(ABOUT THIS EXERCISE): Return the listing verbatim, images left out.

(DATASET RECORDS):
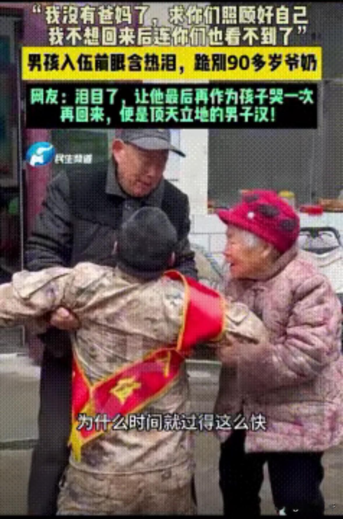 “泪目了!”河南周口,一名即将入伍的小伙和爷爷奶奶告别,爷爷以为孙子会直接转身离开,刚要准备招手再嘱咐一下时,孙子竟后退几步跪了下来!爷爷赶紧上前去扶,孙子却像小时候一样在爷爷的怀里,哭得稀里哗啦。 没人知道,这个刚满十八的小伙,是在怎样的牵挂里长大。 他没见过父母的模样,从记事起,眼里就只有爷爷奶奶佝偻的背影和布满老茧的手。九十岁的爷爷,九十一岁的奶奶,用一辈子的力气,把他从襁褓里的婴孩,养到能扛起钢枪的青年。 日子苦的时候,老两口把仅有的白面省给他,自己啃红薯干;上学的学费,是爷爷扛着锄头在田埂上攒下的,是村里邻里凑起来的,更是国家一笔笔资助托起来的。他没说过太多感谢的话,可这些细碎的温暖,早就在他心里扎了根,长成了要护着爷爷奶奶、护着这个家的念头。 这一跪,不是作秀,不是煽情。是他站在人生的岔路口,第一次要离开这个养他十八年的小院,第一次要直面“可能再也见不到”的恐惧。 他怕自己走后,爷爷奶奶没人端茶倒水,怕夜里爷爷咳嗽时没人递杯热水,怕奶奶揉着膝盖念叨他的时候,连个应声的人都没有。 他哭着把脸埋进爷爷的怀里,像小时候摔疼了那样,把所有的不安和不舍都倒出来。爷爷的手掌早就没了年轻时的力气,却还是稳稳托住他的后背,声音抖着却坚定:“别跪!先讲大家,再顾小家。”奶奶在一旁抹着眼泪,拉着他的胳膊,嘴里反复念叨:“交给国家就放心,这是又给你找了个新家。” 围观的乡亲们红了眼,没人上前打断。他们看着这个从小在巷子里跑大的孩子,从瘦得跟柴火似的小不点,长成了穿迷彩服的挺拔青年,也看着这对老夫妻,把所有的光都给了这个没了爹娘的孙儿。 有人偷偷抹泪,有人拿出手机拍下这一幕,没有刻意的摆拍,只有最朴素的亲情在流淌。视频传到网上,无数网友跟着破防。有人说,这是他最后一次做个孩子哭,再回来,就是顶天立地的男子汉。有人说,这一跪,跪的是养育恩,也是家国情。 没人能苛责他的眼泪。十八岁的年纪,本该在父母怀里撒娇,可他早早学会了扛事,学会了把委屈咽进肚子里。 入伍的决定,不是一时冲动,是他想给爷爷奶奶一个安稳的晚年,想给这个受过太多苦的家,挣一份荣光。他知道,穿上军装,就意味着要把小家的牵挂,换成对大家的担当。可在临行前的这一刻,他只想做回那个需要爷爷奶奶疼的孩子,把藏了十八年的依赖,都哭给这对给了他全部的老人。 爷爷把他扶起来,帮他理了理迷彩服的领口,又把他的军帽重新戴正。奶奶塞给他一个布包,里面是煮好的鸡蛋,还有她攒了好久的零钱,说“到了部队好好干,别惦记家里”。他攥着布包,对着爷爷奶奶深深鞠了一躬,转身踏上了送兵的车。车开的时候,他没敢回头,怕看见爷爷奶奶站在门口的身影,怕自己忍不住跳下车,再抱一抱他们。 后来有人问他,后不后悔这一跪。他说,不后悔。这一跪,是给爷爷奶奶的交代,也是给自己的承诺。他会在部队里好好训练,好好成长,等下次回来,要让爷爷奶奶看到,他们的孙儿,已经能成为他们的依靠,能成为守护家国的脊梁。 这世上最动人的情感,从来都不是惊天动地的壮举,而是藏在这些细碎的离别里。 是老人用一生托举孩子的未来,是孩子带着牵挂奔赴使命,是小家与大家之间,最朴素也最厚重的联结。它没有华丽的辞藻,却能戳中每个人心里最柔软的地方,让我们看见,亲情与担当,从来都不是选择题,而是可以并肩同行的力量。 各位读者你们怎么看?欢迎在评论区讨论。
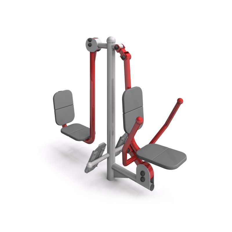 Utegymstation som kombinerar benpress och bröstpress för träning av både under- och överkropp. Stärker ben, bröst och armar samt förbättrar hållning och kondition. Säte och ryggstöd i polyuretanskum.
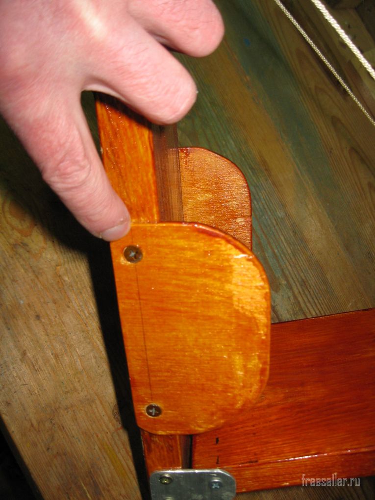 Таким образом, у меня получилось шарнирное соединение, в результате чего, нижняя дощечка-полка, может вращаться относительно верхней вертикальной дощечки.
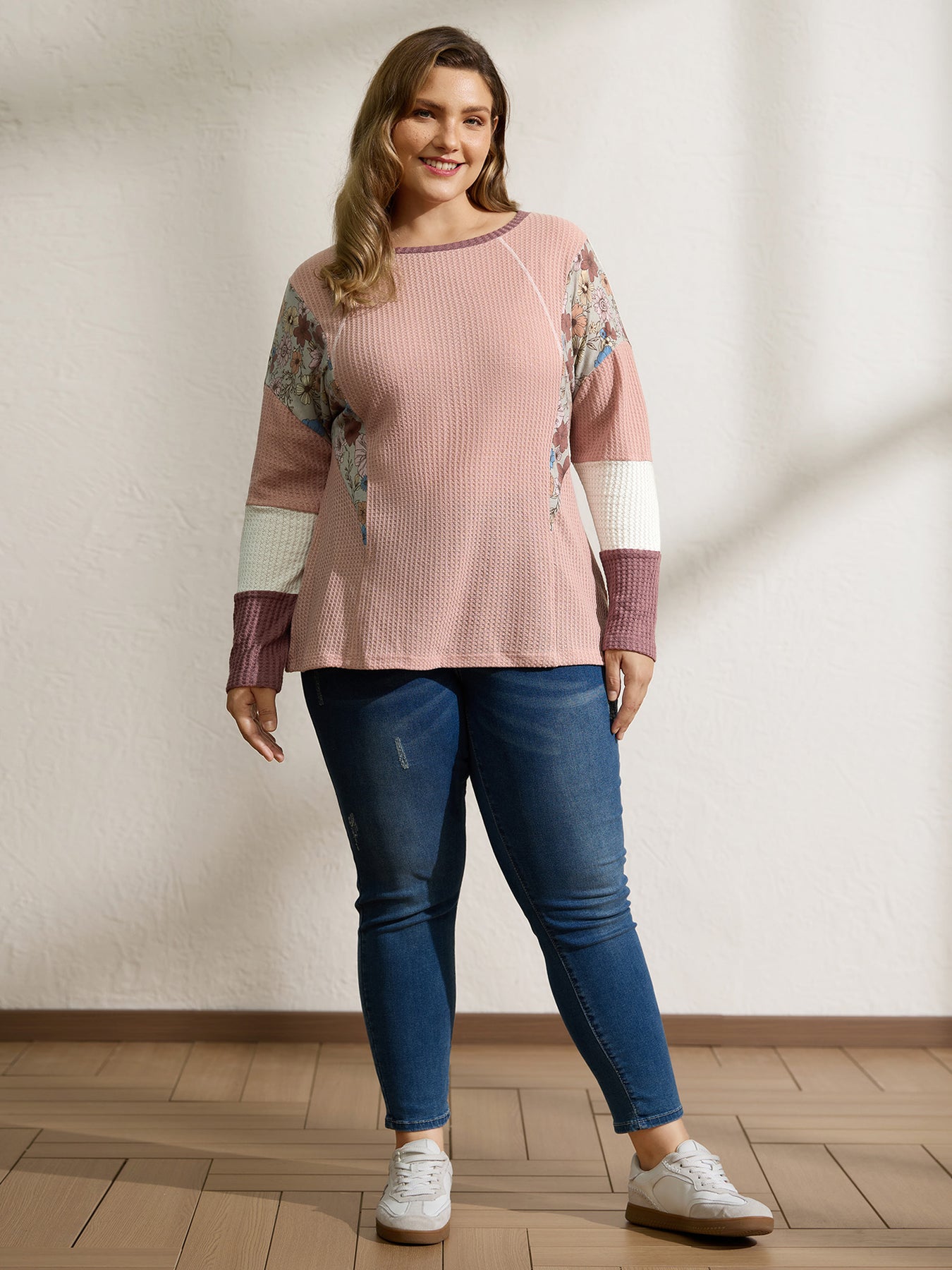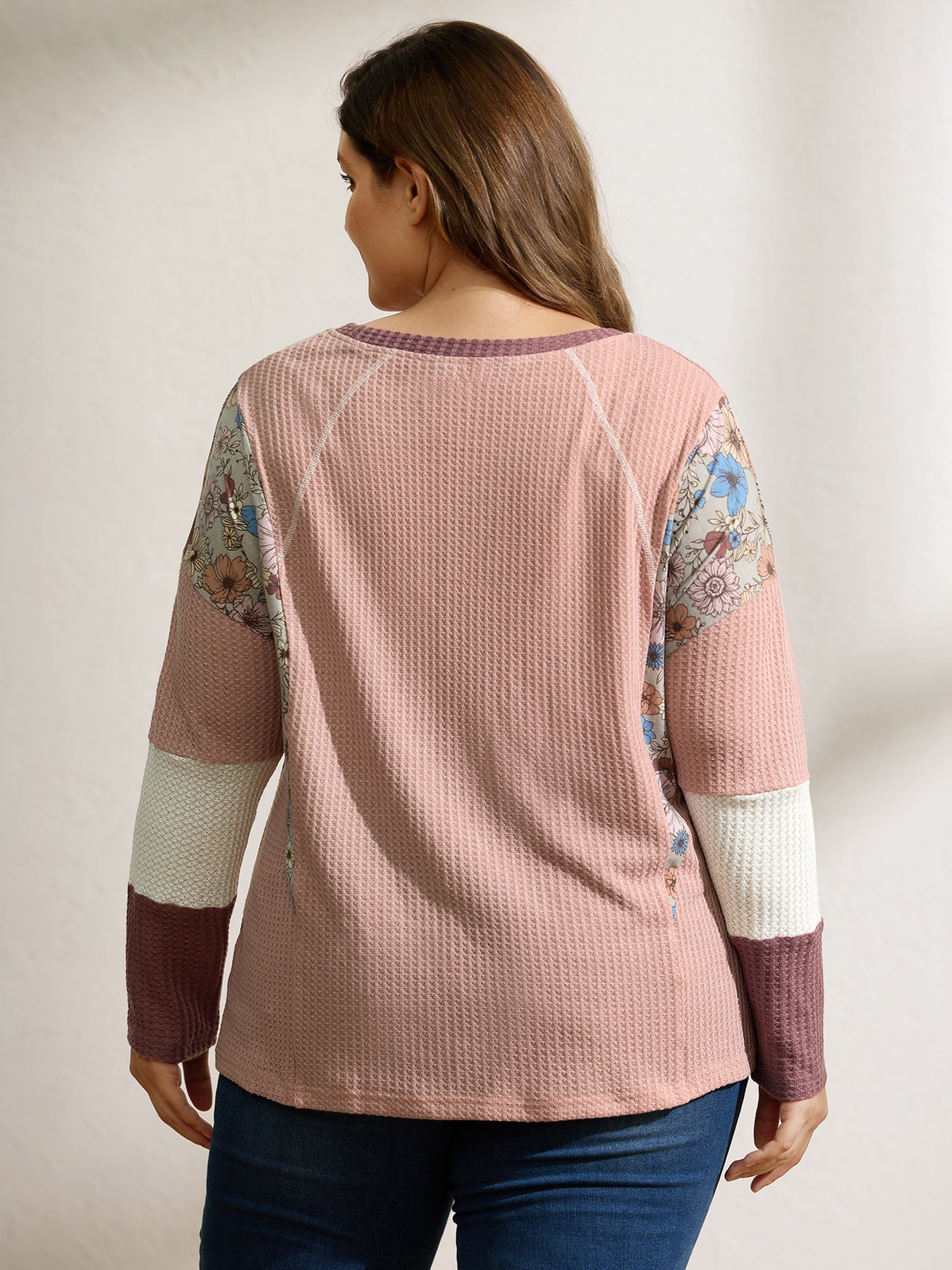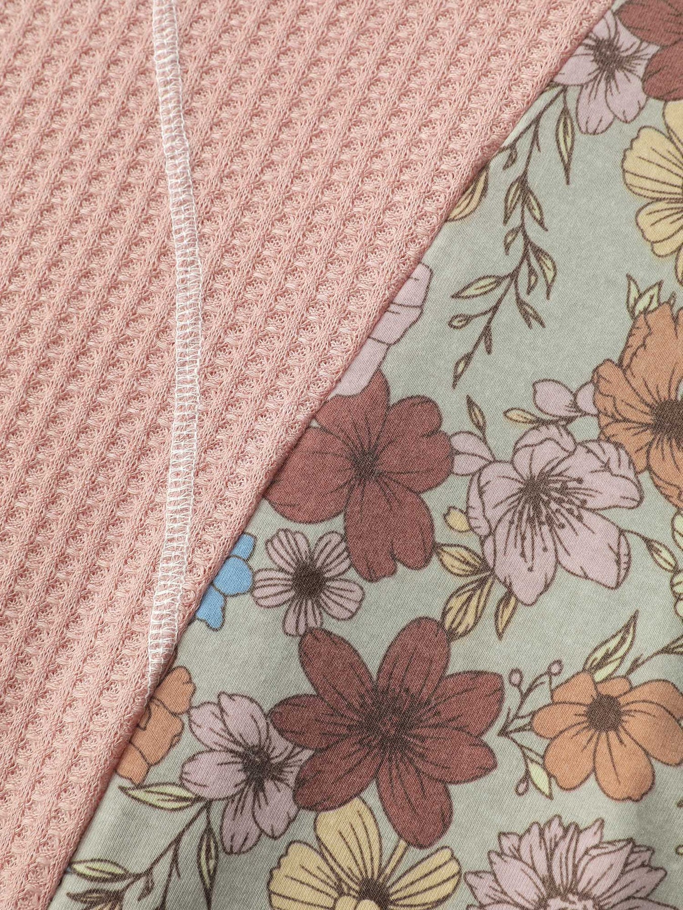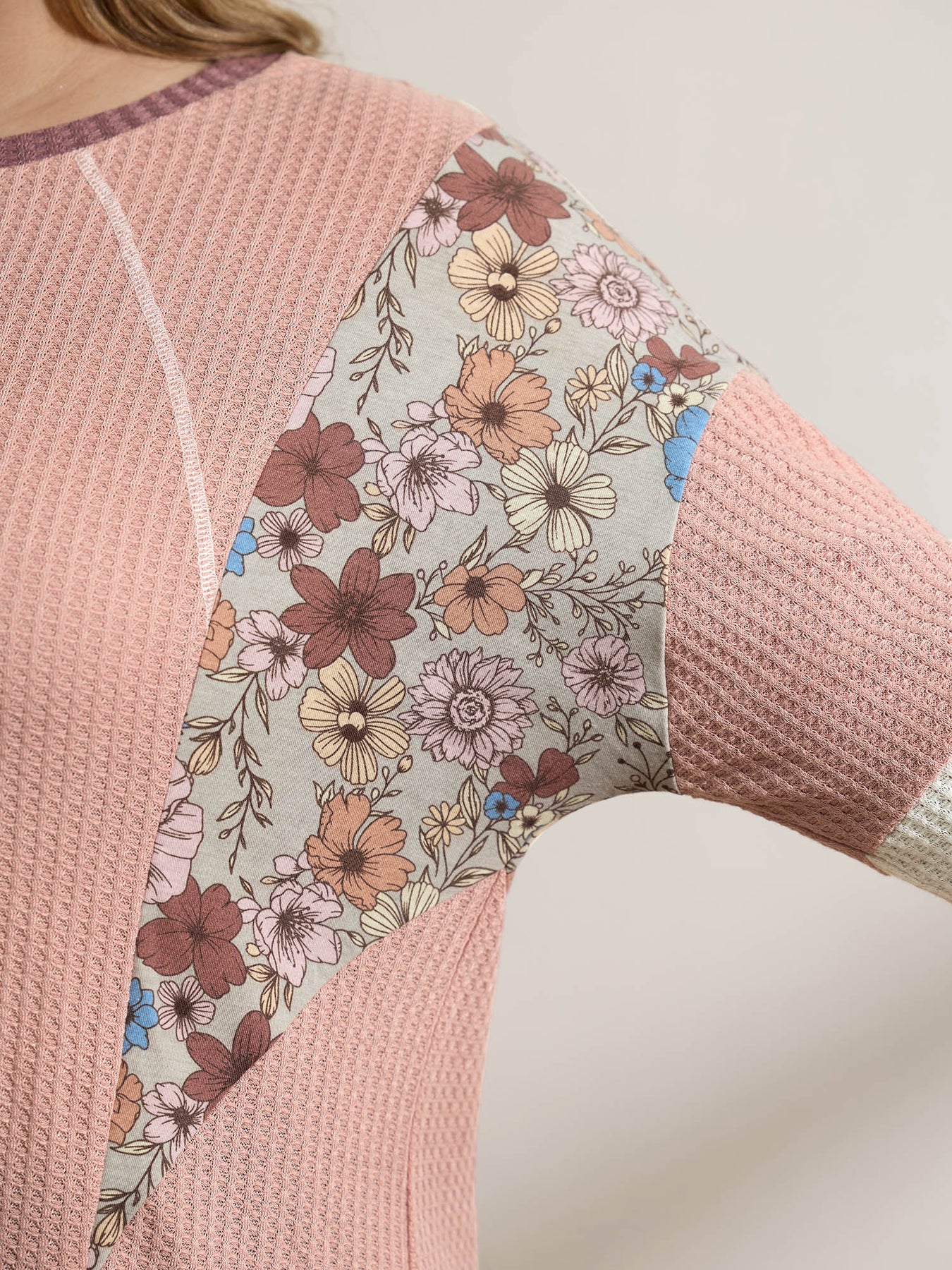 Floral Colorblock Waffle Round Neck Sweatshirt
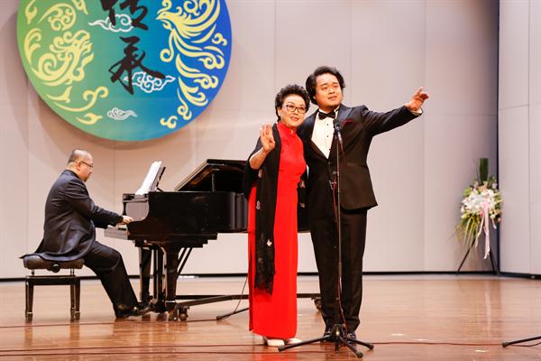 胡素银和现场声乐学生合唱的《我的祖国》为音乐会开场。越剧《梁山伯与祝英台》选段《十八相送》,由87级越剧班陈爱菊、周艳演绎,就像婉约清丽的江南之水,曲调柔美深情,是胡素银从教的第一份纪念。浙艺原创音乐剧《五姑娘》选段《爱到永远》,由96级音舞班钱思舒和音乐系党总支专职副书记谢志勇演绎,“想过多少年,盼过多少年”熟悉的唱段令人陶醉;乐清民歌《对鸟》曲调欢快爽朗,节奏自由舒展,由00级音乐表演班冯斯凡演绎;苏东坡的《饮湖上初晴后雨》由93级群文班畲族学生雷莹完成,经典诗词吟唱起来别有一番韵味;纯朴生动的陕北民歌《兰花花》,委婉凄怆的河北民歌《小白菜》,以及《哈达似的白云》分别由04级声乐五年一贯班胡韵、浙江音乐学院贾舒韵和92级社音班袁春演唱,不同风格的民歌展现了不一样的情感。96级音乐班刘伟带来的内蒙民歌《莫尼山》引发了现场小高潮,歌声正如歌词所唱“高入云端”,诉说着大自然的诗篇。
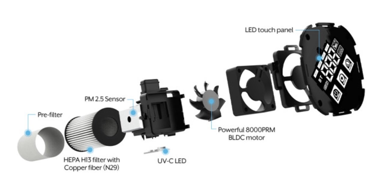 結果、除菌効果に優れたUV-C LED10mWを空気清浄機に採用して、銅繊維のHEPA H13フィルターも取り入れ、センサーも日本製造会社のPM2.5センサーを使用しすることでLEDタッチ感を良くし、風向からムード灯が見えるよう、デザインにも工夫を凝らしました。
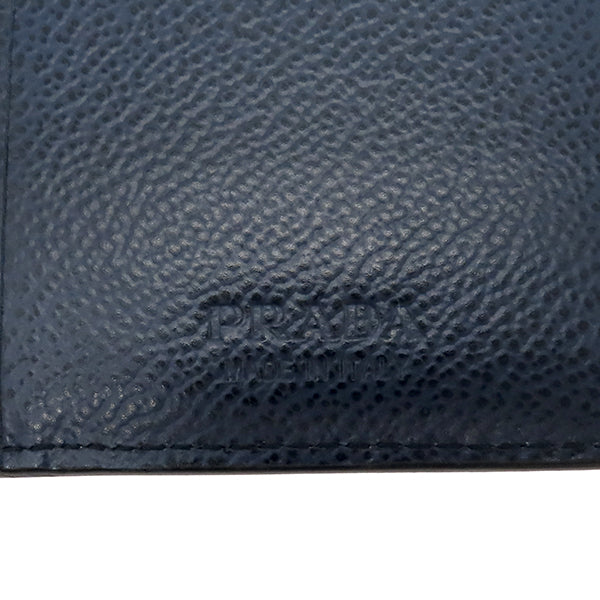 プラダ PRADA ロゴ バイカラー ブラック×ネイビー レザー 長財布 シルバー金具 黒 紺 カード入れ
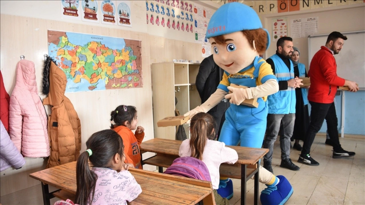 Şanlıurfa'nın Siverek ilçesinde Türkiye Gençlik Vakfı (TÜGVA) ve bir pizza işletmecisi tarafından sosyal sorumluluk projesi kapsamında kırsaldaki okullarda maskot "Neşeli" eşliğinde pizza dağıtılıyor.

(ANSWER TO THIS PROBLEM):
 “泪目了!”河南周口,一名即将入伍的小伙和爷爷奶奶告别,爷爷以为孙子会直接转身离开,刚要准备招手再嘱咐一下时,孙子竟后退几步跪了下来!爷爷赶紧上前去扶,孙子却像小时候一样在爷爷的怀里,哭得稀里哗啦。 没人知道,这个刚满十八的小伙,是在怎样的牵挂里长大。 他没见过父母的模样,从记事起,眼里就只有爷爷奶奶佝偻的背影和布满老茧的手。九十岁的爷爷,九十一岁的奶奶,用一辈子的力气,把他从襁褓里的婴孩,养到能扛起钢枪的青年。 日子苦的时候,老两口把仅有的白面省给他,自己啃红薯干;上学的学费,是爷爷扛着锄头在田埂上攒下的,是村里邻里凑起来的,更是国家一笔笔资助托起来的。他没说过太多感谢的话,可这些细碎的温暖,早就在他心里扎了根,长成了要护着爷爷奶奶、护着这个家的念头。 这一跪,不是作秀,不是煽情。是他站在人生的岔路口,第一次要离开这个养他十八年的小院,第一次要直面“可能再也见不到”的恐惧。 他怕自己走后,爷爷奶奶没人端茶倒水,怕夜里爷爷咳嗽时没人递杯热水,怕奶奶揉着膝盖念叨他的时候,连个应声的人都没有。 他哭着把脸埋进爷爷的怀里,像小时候摔疼了那样,把所有的不安和不舍都倒出来。爷爷的手掌早就没了年轻时的力气,却还是稳稳托住他的后背,声音抖着却坚定:“别跪!先讲大家,再顾小家。”奶奶在一旁抹着眼泪,拉着他的胳膊,嘴里反复念叨:“交给国家就放心,这是又给你找了个新家。” 围观的乡亲们红了眼,没人上前打断。他们看着这个从小在巷子里跑大的孩子,从瘦得跟柴火似的小不点,长成了穿迷彩服的挺拔青年,也看着这对老夫妻,把所有的光都给了这个没了爹娘的孙儿。 有人偷偷抹泪,有人拿出手机拍下这一幕,没有刻意的摆拍,只有最朴素的亲情在流淌。视频传到网上,无数网友跟着破防。有人说,这是他最后一次做个孩子哭,再回来,就是顶天立地的男子汉。有人说,这一跪,跪的是养育恩,也是家国情。 没人能苛责他的眼泪。十八岁的年纪,本该在父母怀里撒娇,可他早早学会了扛事,学会了把委屈咽进肚子里。 入伍的决定,不是一时冲动,是他想给爷爷奶奶一个安稳的晚年,想给这个受过太多苦的家,挣一份荣光。他知道,穿上军装,就意味着要把小家的牵挂,换成对大家的担当。可在临行前的这一刻,他只想做回那个需要爷爷奶奶疼的孩子,把藏了十八年的依赖,都哭给这对给了他全部的老人。 爷爷把他扶起来,帮他理了理迷彩服的领口,又把他的军帽重新戴正。奶奶塞给他一个布包,里面是煮好的鸡蛋,还有她攒了好久的零钱,说“到了部队好好干,别惦记家里”。他攥着布包,对着爷爷奶奶深深鞠了一躬,转身踏上了送兵的车。车开的时候,他没敢回头,怕看见爷爷奶奶站在门口的身影,怕自己忍不住跳下车,再抱一抱他们。 后来有人问他,后不后悔这一跪。他说,不后悔。这一跪,是给爷爷奶奶的交代,也是给自己的承诺。他会在部队里好好训练,好好成长,等下次回来,要让爷爷奶奶看到,他们的孙儿,已经能成为他们的依靠,能成为守护家国的脊梁。 这世上最动人的情感,从来都不是惊天动地的壮举,而是藏在这些细碎的离别里。 是老人用一生托举孩子的未来,是孩子带着牵挂奔赴使命,是小家与大家之间,最朴素也最厚重的联结。它没有华丽的辞藻,却能戳中每个人心里最柔软的地方,让我们看见,亲情与担当,从来都不是选择题,而是可以并肩同行的力量。 各位读者你们怎么看?欢迎在评论区讨论。
 Utegymstation som kombinerar benpress och bröstpress för träning av både under- och överkropp. Stärker ben, bröst och armar samt förbättrar hållning och kondition. Säte och ryggstöd i polyuretanskum.
 Таким образом, у меня получилось шарнирное соединение, в результате чего, нижняя дощечка-полка, может вращаться относительно верхней вертикальной дощечки.
 Floral Colorblock Waffle Round Neck Sweatshirt
 胡素银和现场声乐学生合唱的《我的祖国》为音乐会开场。越剧《梁山伯与祝英台》选段《十八相送》,由87级越剧班陈爱菊、周艳演绎,就像婉约清丽的江南之水,曲调柔美深情,是胡素银从教的第一份纪念。浙艺原创音乐剧《五姑娘》选段《爱到永远》,由96级音舞班钱思舒和音乐系党总支专职副书记谢志勇演绎,“想过多少年,盼过多少年”熟悉的唱段令人陶醉;乐清民歌《对鸟》曲调欢快爽朗,节奏自由舒展,由00级音乐表演班冯斯凡演绎;苏东坡的《饮湖上初晴后雨》由93级群文班畲族学生雷莹完成,经典诗词吟唱起来别有一番韵味;纯朴生动的陕北民歌《兰花花》,委婉凄怆的河北民歌《小白菜》,以及《哈达似的白云》分别由04级声乐五年一贯班胡韵、浙江音乐学院贾舒韵和92级社音班袁春演唱,不同风格的民歌展现了不一样的情感。96级音乐班刘伟带来的内蒙民歌《莫尼山》引发了现场小高潮,歌声正如歌词所唱“高入云端”,诉说着大自然的诗篇。
 結果、除菌効果に優れたUV-C LED10mWを空気清浄機に採用して、銅繊維のHEPA H13フィルターも取り入れ、センサーも日本製造会社のPM2.5センサーを使用しすることでLEDタッチ感を良くし、風向からムード灯が見えるよう、デザインにも工夫を凝らしました。
 プラダ PRADA ロゴ バイカラー ブラック×ネイビー レザー 長財布 シルバー金具 黒 紺 カード入れ
 Şanlıurfa'nın Siverek ilçesinde Türkiye Gençlik Vakfı (TÜGVA) ve bir pizza işletmecisi tarafından sosyal sorumluluk projesi kapsamında kırsaldaki okullarda maskot "Neşeli" eşliğinde pizza dağıtılıyor.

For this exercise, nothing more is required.